── EXTRACTED INFORMATION

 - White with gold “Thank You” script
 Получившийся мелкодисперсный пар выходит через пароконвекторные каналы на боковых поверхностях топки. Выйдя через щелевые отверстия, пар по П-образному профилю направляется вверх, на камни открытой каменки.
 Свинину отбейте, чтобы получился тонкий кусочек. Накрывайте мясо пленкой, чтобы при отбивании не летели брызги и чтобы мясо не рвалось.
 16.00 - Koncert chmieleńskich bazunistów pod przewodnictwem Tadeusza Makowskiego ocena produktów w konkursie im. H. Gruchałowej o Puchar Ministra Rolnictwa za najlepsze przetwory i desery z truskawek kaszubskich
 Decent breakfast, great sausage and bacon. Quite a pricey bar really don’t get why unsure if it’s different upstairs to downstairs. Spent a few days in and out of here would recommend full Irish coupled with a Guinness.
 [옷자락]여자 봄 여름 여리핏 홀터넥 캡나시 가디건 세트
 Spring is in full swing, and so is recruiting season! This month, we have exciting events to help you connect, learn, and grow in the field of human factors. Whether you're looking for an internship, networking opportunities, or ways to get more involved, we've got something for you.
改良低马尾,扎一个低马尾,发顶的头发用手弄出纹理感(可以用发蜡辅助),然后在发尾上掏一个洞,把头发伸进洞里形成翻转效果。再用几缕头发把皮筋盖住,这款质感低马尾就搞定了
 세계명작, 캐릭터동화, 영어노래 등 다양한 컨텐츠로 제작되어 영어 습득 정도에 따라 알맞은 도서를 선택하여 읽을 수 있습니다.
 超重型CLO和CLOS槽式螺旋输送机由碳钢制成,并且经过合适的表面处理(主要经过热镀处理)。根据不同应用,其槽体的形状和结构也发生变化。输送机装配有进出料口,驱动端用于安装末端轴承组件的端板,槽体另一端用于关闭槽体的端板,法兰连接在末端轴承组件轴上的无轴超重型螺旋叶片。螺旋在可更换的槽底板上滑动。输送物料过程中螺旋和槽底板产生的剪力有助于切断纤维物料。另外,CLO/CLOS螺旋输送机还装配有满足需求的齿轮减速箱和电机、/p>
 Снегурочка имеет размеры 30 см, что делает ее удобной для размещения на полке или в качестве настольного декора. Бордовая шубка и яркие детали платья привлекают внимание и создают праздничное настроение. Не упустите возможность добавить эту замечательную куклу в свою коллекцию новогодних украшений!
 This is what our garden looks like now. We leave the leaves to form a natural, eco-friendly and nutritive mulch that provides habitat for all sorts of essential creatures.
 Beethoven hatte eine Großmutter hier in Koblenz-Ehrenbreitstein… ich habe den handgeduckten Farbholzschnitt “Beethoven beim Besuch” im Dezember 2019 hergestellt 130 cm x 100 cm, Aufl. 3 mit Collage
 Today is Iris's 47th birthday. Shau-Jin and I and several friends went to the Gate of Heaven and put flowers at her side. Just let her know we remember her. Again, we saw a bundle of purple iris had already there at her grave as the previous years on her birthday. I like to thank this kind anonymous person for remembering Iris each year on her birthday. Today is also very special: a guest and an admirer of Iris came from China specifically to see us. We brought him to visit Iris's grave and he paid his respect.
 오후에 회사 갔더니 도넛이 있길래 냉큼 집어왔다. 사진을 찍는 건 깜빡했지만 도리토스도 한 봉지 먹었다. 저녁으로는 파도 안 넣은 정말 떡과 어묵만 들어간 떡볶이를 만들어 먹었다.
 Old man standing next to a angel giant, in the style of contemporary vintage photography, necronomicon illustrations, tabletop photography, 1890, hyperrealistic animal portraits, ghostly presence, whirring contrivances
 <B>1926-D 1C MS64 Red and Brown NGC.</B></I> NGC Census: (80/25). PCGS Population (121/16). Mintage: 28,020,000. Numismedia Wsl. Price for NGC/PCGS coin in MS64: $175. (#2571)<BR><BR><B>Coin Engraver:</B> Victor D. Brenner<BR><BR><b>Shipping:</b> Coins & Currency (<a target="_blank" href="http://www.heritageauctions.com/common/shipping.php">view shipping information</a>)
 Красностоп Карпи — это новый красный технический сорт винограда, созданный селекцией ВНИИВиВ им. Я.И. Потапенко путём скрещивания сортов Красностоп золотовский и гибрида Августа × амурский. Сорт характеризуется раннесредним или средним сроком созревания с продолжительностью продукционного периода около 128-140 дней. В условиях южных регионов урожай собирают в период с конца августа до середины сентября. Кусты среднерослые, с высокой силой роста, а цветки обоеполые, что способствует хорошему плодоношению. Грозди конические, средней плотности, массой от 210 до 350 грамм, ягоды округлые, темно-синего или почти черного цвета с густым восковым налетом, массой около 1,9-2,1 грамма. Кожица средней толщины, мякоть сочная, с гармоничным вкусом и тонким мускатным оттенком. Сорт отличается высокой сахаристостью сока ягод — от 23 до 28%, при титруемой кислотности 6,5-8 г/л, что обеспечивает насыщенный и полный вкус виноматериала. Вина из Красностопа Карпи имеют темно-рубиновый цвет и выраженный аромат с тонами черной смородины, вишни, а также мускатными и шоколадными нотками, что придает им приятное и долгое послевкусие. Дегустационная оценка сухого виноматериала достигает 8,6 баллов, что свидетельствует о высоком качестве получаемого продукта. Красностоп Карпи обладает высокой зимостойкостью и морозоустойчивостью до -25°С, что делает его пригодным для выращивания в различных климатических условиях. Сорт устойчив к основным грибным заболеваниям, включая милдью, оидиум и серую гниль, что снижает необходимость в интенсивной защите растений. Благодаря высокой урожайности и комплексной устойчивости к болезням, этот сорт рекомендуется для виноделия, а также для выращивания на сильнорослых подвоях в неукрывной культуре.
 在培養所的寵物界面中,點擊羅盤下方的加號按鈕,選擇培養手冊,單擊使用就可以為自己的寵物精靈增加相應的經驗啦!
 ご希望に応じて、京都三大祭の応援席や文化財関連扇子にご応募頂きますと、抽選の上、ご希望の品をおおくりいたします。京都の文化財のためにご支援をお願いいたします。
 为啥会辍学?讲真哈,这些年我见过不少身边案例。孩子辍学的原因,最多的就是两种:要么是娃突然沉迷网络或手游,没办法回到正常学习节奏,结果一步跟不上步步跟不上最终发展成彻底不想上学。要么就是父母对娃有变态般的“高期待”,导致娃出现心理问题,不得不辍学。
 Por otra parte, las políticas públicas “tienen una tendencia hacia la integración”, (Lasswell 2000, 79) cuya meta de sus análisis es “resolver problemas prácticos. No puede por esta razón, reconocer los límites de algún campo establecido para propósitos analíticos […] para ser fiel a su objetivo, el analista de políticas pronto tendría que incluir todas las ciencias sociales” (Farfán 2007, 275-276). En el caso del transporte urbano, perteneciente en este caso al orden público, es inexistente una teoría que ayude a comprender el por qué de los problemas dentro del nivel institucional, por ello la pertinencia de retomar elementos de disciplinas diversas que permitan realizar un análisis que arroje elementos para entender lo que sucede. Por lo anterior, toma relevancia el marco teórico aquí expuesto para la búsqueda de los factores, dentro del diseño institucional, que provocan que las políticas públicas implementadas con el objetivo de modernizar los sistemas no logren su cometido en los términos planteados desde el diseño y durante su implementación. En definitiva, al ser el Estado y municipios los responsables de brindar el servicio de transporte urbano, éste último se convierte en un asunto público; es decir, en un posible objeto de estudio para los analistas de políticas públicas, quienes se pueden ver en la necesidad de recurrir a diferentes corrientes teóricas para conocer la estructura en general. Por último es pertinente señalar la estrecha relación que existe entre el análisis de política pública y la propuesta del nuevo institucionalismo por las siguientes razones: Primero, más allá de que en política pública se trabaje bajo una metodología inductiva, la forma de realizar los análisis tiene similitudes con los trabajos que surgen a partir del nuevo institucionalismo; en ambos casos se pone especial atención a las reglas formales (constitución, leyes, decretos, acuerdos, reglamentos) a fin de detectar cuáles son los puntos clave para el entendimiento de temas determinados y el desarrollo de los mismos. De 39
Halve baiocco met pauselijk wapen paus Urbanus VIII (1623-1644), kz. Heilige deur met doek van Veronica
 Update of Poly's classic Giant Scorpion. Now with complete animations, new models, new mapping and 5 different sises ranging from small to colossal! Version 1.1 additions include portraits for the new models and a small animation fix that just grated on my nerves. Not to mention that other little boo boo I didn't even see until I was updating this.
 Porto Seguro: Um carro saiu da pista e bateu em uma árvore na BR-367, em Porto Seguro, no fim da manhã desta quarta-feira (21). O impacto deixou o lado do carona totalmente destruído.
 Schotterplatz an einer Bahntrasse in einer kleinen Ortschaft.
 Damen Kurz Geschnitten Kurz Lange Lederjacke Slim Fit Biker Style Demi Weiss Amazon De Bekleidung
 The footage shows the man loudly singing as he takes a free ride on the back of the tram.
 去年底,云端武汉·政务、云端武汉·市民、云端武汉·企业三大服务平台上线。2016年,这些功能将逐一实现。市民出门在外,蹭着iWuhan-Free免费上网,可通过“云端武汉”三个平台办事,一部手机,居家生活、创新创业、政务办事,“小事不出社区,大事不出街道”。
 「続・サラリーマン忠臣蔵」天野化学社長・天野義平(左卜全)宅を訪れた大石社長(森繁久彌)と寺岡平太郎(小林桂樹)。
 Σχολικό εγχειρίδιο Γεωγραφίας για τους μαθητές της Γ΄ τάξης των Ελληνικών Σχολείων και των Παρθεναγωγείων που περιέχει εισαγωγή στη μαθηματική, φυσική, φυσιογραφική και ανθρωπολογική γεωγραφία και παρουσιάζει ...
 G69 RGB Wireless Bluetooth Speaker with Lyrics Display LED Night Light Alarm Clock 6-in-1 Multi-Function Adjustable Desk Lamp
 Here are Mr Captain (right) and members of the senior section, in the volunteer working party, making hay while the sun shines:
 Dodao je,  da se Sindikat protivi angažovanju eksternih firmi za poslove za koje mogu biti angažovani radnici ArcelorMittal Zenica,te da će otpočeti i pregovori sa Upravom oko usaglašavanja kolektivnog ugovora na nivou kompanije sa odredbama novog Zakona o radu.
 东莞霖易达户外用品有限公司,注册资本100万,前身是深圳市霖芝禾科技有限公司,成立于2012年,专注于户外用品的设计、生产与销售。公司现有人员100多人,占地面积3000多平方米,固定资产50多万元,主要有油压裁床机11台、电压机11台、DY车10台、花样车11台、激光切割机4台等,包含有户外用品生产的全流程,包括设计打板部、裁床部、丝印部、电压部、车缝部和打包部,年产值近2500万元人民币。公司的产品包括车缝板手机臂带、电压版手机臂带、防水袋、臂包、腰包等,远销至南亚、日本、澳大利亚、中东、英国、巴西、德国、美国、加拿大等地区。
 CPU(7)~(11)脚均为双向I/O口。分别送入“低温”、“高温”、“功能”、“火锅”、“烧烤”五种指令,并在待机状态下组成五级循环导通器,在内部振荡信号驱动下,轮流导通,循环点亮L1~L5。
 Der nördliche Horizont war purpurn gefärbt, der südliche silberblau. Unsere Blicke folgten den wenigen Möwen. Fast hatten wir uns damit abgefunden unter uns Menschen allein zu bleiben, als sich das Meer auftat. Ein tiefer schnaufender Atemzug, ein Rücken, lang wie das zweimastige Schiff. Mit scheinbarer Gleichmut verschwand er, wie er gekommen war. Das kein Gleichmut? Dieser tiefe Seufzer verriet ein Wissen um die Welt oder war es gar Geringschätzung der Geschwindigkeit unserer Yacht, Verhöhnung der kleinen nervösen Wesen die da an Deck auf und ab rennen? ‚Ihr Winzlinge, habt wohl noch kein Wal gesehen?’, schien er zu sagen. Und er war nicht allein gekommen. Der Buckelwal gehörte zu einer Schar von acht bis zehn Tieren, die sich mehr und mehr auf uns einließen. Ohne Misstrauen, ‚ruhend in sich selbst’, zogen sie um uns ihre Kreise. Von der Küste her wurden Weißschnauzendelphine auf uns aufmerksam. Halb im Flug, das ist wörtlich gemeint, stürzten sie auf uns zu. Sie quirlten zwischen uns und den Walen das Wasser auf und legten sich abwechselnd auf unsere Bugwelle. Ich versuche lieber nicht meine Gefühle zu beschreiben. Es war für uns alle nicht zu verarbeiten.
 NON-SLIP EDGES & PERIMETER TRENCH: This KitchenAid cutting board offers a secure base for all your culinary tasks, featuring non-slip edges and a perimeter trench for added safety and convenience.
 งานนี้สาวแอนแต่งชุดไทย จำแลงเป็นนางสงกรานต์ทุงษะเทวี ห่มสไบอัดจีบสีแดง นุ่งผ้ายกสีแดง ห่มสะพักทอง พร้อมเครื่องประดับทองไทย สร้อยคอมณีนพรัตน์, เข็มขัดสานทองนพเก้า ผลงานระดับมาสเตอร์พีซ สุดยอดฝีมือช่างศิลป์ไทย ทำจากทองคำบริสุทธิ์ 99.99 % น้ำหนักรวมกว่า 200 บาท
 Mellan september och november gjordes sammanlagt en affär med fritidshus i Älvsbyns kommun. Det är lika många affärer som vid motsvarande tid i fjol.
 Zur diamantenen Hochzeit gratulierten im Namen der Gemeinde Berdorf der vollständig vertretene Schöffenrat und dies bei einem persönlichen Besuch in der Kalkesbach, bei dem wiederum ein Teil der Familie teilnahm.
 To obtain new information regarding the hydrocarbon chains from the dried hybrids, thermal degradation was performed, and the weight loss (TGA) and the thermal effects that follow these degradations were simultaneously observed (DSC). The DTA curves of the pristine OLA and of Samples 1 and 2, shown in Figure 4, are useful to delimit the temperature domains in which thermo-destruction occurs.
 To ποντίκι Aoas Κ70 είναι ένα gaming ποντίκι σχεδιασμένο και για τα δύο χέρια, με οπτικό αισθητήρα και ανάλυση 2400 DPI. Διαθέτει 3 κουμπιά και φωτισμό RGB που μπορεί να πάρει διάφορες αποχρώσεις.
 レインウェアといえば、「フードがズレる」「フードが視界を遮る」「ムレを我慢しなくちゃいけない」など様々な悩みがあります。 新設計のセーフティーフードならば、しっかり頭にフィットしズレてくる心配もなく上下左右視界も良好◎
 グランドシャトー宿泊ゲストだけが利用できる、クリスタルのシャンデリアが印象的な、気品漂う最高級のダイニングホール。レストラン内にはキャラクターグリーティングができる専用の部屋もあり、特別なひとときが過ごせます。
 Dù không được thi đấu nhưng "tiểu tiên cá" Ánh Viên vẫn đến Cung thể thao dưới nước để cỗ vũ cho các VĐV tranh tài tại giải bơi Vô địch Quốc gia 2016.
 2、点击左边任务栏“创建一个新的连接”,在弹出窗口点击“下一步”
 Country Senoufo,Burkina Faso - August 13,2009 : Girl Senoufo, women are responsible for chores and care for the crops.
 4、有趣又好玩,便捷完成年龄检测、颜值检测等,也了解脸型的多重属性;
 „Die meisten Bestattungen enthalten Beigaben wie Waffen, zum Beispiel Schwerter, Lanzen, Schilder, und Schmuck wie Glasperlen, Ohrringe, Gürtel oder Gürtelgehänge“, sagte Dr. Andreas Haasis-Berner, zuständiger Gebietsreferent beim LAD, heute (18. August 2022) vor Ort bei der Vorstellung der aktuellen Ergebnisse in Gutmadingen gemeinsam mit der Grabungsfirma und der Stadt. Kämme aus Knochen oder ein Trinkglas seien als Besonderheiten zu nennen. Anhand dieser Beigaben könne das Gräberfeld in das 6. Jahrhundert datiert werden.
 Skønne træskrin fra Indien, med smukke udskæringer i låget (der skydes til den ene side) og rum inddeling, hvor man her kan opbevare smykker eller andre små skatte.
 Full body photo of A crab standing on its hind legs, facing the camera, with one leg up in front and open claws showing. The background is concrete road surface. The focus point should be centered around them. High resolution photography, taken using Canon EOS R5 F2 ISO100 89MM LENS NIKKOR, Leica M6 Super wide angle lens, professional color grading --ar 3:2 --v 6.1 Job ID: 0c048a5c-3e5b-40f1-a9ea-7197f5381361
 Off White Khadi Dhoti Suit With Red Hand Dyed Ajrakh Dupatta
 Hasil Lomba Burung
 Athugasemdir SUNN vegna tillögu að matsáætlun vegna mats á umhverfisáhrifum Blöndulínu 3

────

■ TASK DETAILS
Find the word "White" in the records and pull out each line that has it.

■ EXPECTED ANSWER
 - White with gold “Thank You” script
 Off White Khadi Dhoti Suit With Red Hand Dyed Ajrakh Dupatta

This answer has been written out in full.